Start of Block

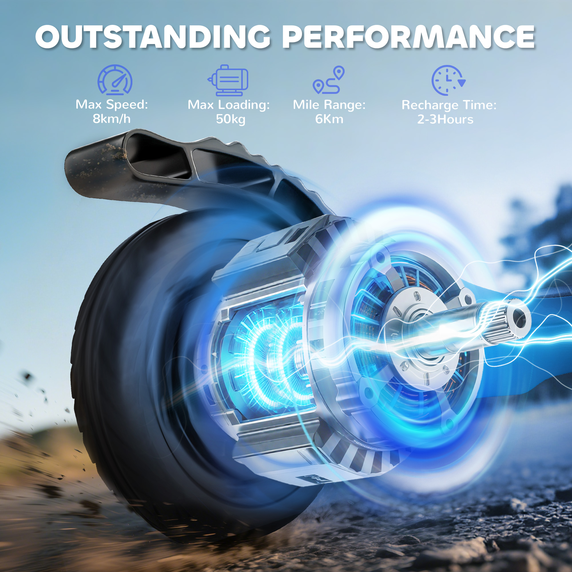 After a 2–3 hour charge, kids will be raring to go – they'll enjoy speeds of up to 8km/h, whilst traveling a maximum 6km on a full charge. To start, press the power button, gently push yourself and gradually press the accelerator. To get off the scooter, there's a brake on the rear wheel for a swift stop. With adjustable handlebars, the scooter stays with your child as they grow.
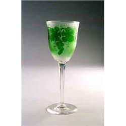 CRISTALLERIES VAL ST. LAMBERT, Val St. Lambert Weinglas, farbloses Glas. Kuppa mit grünem Außenüberfang, matt geätzte Wandung und umlaufendes Weinrankendekor mit Binnenzeichnung. Facettierter Stiel auf rundem Tellerfuß mit glockenförmiger Kuppa. H.: 20 cm. Unbezeichnet. Um 1900
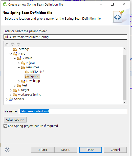 src/main/resource 아래에 spring 폴더 생성
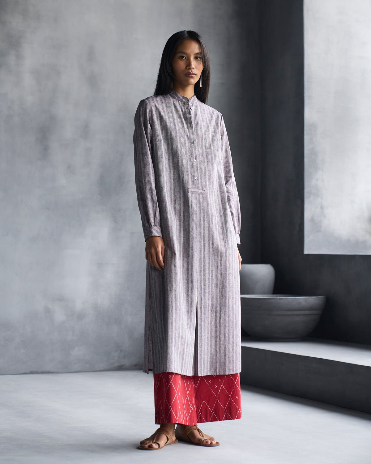 Feel the soft cotton whilst you don our mandarin collar kurta with grey stripes
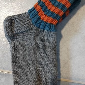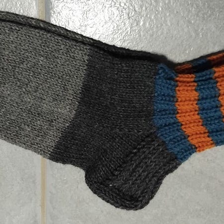 kuvanmukaiset miesten villasukat, koko 44-45. Neulottu seitsemän veljestä yksivärisestä ja Nature langasta.
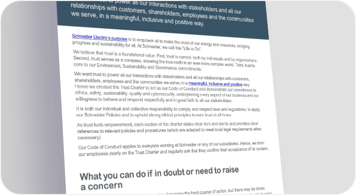 Trust Charter, SchneiderElectric’s CodeofConduct Wewanttrusttopowerallourinteractionswithstakeholdersandallour relationships with customers, shareholders, employees and the communities weserve,inameaningful,inclusiveandpositiveway. SchneiderElectric’s purpose is to empower all to make the most of our energy and resources, bridging progressandsustainability for all. At Schneider, we call this “Life is On”. Webelievethattrust is a foundational value. First, trust is earned, both by individuals and by organizations. Second,trustservesasacompass,showingthetruenorthinanevermorecomplexworld.Third,trustis core to our Environment, Sustainability and Governance commitments. Wewanttrusttopowerallourinteractionswithstakeholdersandallourrelationshipswith customers, shareholders, employees and the communities we serve, in a meaningful, inclusive and positive way. HencewecreatedthisTrust ChartertoactasourCodeofConductanddemonstrateourcommitmentto ethics, safety, sustainability, quality and cybersecurity, underpinning every aspect of our business and our willingness to behave and respond respectfully and in good faith to all our stakeholders. It is both our individual and collective responsibility to comply and respect laws and regulations, to apply our Schneider Policies and to uphold strong ethical principles to earn trust at all times. Astrust fuels empowerment, each section of the charter states clear do’s and don’ts and provides clear references to relevant policies and procedures (which are adapted to meet local legal requirements when necessary). OurCodeofConductappliestoeveryoneworkingatSchneideroranyofoursubsidiaries.Hence,wetrain ouremployeesyearlyontheTrust Charterandregularlyaskthattheyconfirmtheiracceptanceofitscontent. Whatyoucandoifindoubtorneedtoraise aconcern Weareencouragedtouseourjudgmenttodeterminethebestcourseofaction,buttheremaybetimes whenwefaceethicaldilemmasorareunsureandneedguidancetobetterunderstandhowtoact.Insuch cases, our network of Ethics Delegates is available for advice and support. Ouralert system Trust Line allows our employees and our external stakeholders to raise any concerns. When an alert is raised, it is subject to a thorough and confidential investigation, protecting all individuals involved. The findings of such investigations are then submitted to the relevant governing committees, who decide on the appropriate action to be taken. For more details, please refer to our whistleblowing policy.
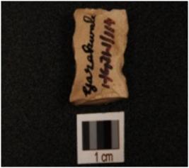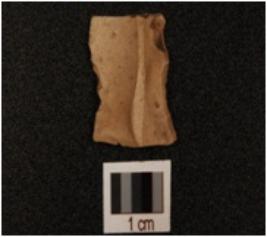 | Description / विवरण | Fragment of a chert blade, middle ridge on the surface and use wear marks on the cutting edges. |

End of Block

TASK STATEMENT.
Beginning with the line holding "src/main/resource 아래에 spring 폴더 생성" in the material above, restate word for word each line through the line holding "kuvanmukaiset miesten villasukat, koko", and exclude pictures.

FINAL ANSWER.
 src/main/resource 아래에 spring 폴더 생성
 Feel the soft cotton whilst you don our mandarin collar kurta with grey stripes
 kuvanmukaiset miesten villasukat, koko 44-45. Neulottu seitsemän veljestä yksivärisestä ja Nature langasta.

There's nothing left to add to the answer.